WHAT TO WORK ON: Once the pictures are removed, restate the data below word for word.

SOURCE MATERIAL:
····················
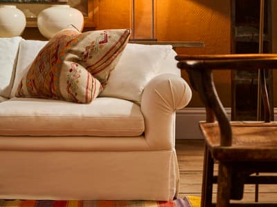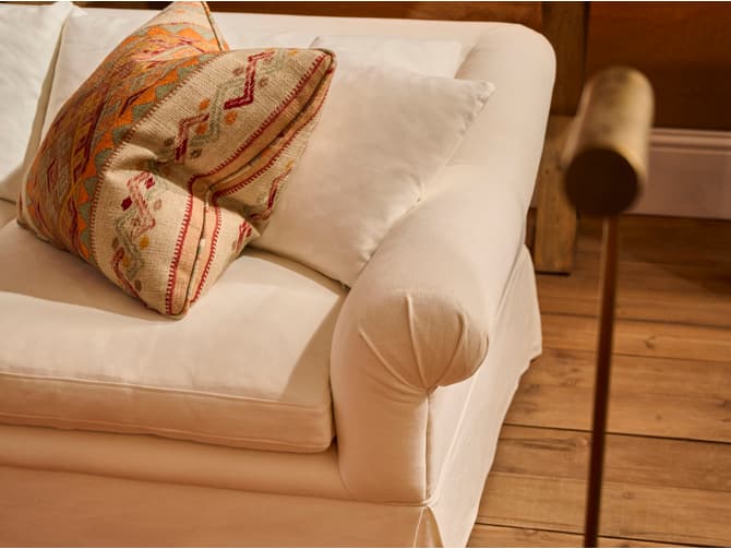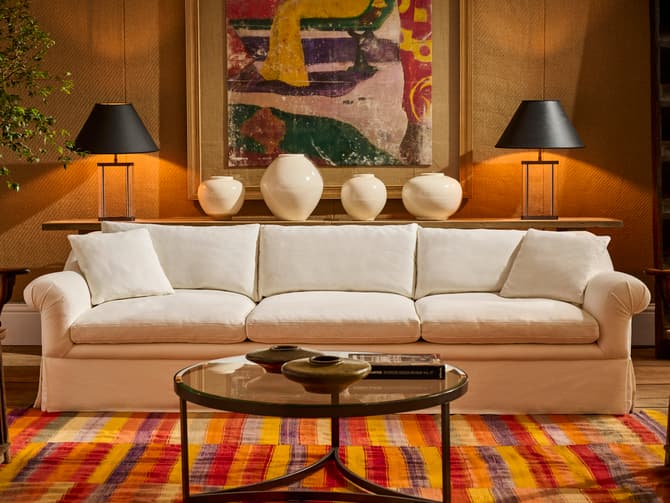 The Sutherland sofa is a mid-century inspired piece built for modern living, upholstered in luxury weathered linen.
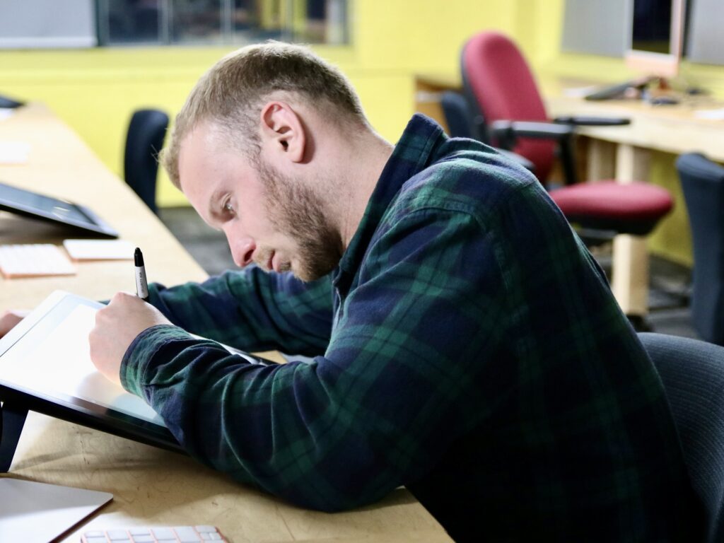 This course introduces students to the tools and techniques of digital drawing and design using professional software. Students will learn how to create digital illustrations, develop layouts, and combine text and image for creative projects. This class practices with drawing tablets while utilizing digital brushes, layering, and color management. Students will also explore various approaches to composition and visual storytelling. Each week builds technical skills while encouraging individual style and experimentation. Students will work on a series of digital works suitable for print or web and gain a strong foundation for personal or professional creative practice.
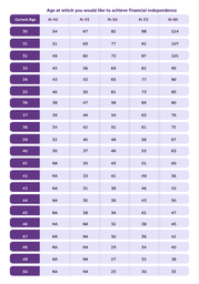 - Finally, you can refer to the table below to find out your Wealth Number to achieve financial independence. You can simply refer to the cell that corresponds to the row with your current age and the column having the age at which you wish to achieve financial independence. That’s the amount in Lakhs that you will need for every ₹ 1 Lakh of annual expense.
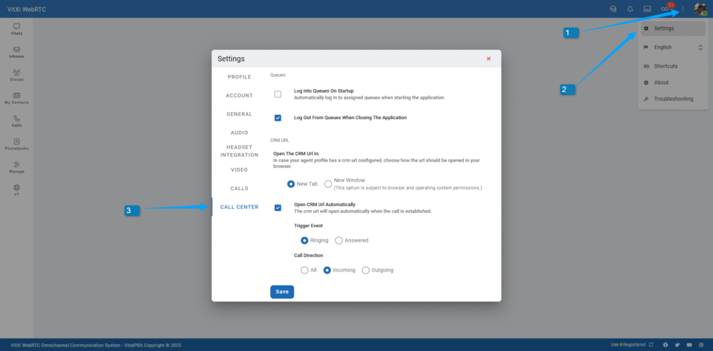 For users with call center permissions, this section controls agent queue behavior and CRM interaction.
····················
TASK RESPONSE:
 The Sutherland sofa is a mid-century inspired piece built for modern living, upholstered in luxury weathered linen.
 This course introduces students to the tools and techniques of digital drawing and design using professional software. Students will learn how to create digital illustrations, develop layouts, and combine text and image for creative projects. This class practices with drawing tablets while utilizing digital brushes, layering, and color management. Students will also explore various approaches to composition and visual storytelling. Each week builds technical skills while encouraging individual style and experimentation. Students will work on a series of digital works suitable for print or web and gain a strong foundation for personal or professional creative practice.
 - Finally, you can refer to the table below to find out your Wealth Number to achieve financial independence. You can simply refer to the cell that corresponds to the row with your current age and the column having the age at which you wish to achieve financial independence. That’s the amount in Lakhs that you will need for every ₹ 1 Lakh of annual expense.
 For users with call center permissions, this section controls agent queue behavior and CRM interaction.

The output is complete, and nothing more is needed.